AI Is Brilliant for Recruitment. But GDPR Still Applies.
If you are a UK recruiter using AI tools like ChatGPT, Claude, or any of the AI-powered sourcing platforms, you need to understand where the data protection lines are. Not because GDPR should scare you away from using AI. It should not. But because getting it wrong can mean fines, reputational damage, and losing the trust of candidates and clients.
The good news is that staying compliant is not complicated. It requires awareness, a few practical habits, and some common sense. This guide covers what you actually need to know, without the legal jargon that makes most GDPR guides unreadable.
Quick Refresher: What GDPR Means for Recruiters
The UK GDPR (retained from EU law after Brexit, enforced by the ICO) governs how you collect, store, process, and share personal data. For recruiters, personal data includes names, email addresses, phone numbers, CVs, interview notes, salary information, and anything else that identifies an individual.
As a recruiter, you are a data controller (or processor, depending on your relationship with clients). You have legal obligations around how you handle candidate data.
The key principles that matter most for AI use are:
- Lawful basis. You need a legal reason to process someone's data. For recruitment, this is usually "legitimate interest" or "consent."
- Purpose limitation. You can only use data for the purpose it was collected. If a candidate gave you their CV for Job A, you cannot feed it into an AI tool for an unrelated purpose without telling them.
- Data minimisation. Only process the data you actually need. Do not feed entire CVs into AI tools when you only need to assess specific skills.
- Storage limitation. Do not keep data longer than necessary. This applies to data stored in AI tools as well.

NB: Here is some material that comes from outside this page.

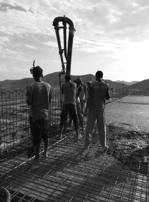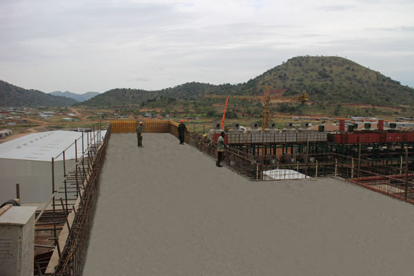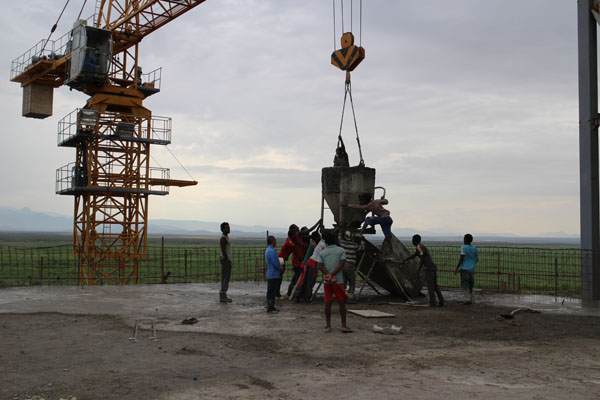 該項目位于接近赤道的埃塞俄比亞南部,素以氣候炎熱而著稱,施工條件頗為艱苦。施工過程中,項目部成員每天早出晚歸,常常一站就是一天,二十四小時連班也是家常便飯。在主廠房接近封頂的關鍵時刻,項目部全體員工有的夜里跟隨混凝土罐車執行押車任務,有的深夜依然堅持在澆搗一線指揮作業,連續奮戰數日,終于完成封頂大任。

- Transparency. Candidates have the right to know how their data is being used, including whether AI is involved in processing it.
The Big Question: Can You Put Candidate Data Into AI Tools?
This is where most recruiters are unsure, so let us be clear.
The short answer: Yes, but with significant caveats.
The longer answer: It depends on which AI tool you are using, what data you are inputting, and whether you have told candidates about it.
Understanding How AI Tools Handle Your Data
When you paste a CV into ChatGPT or Claude, you need to know what happens to that data:
ChatGPT (OpenAI): By default, conversations may be used to train future models. You can opt out of this in settings (Settings > Data Controls > Improve the model for everyone > Off). If you are on a paid Team or Enterprise plan, your data is not used for training by default.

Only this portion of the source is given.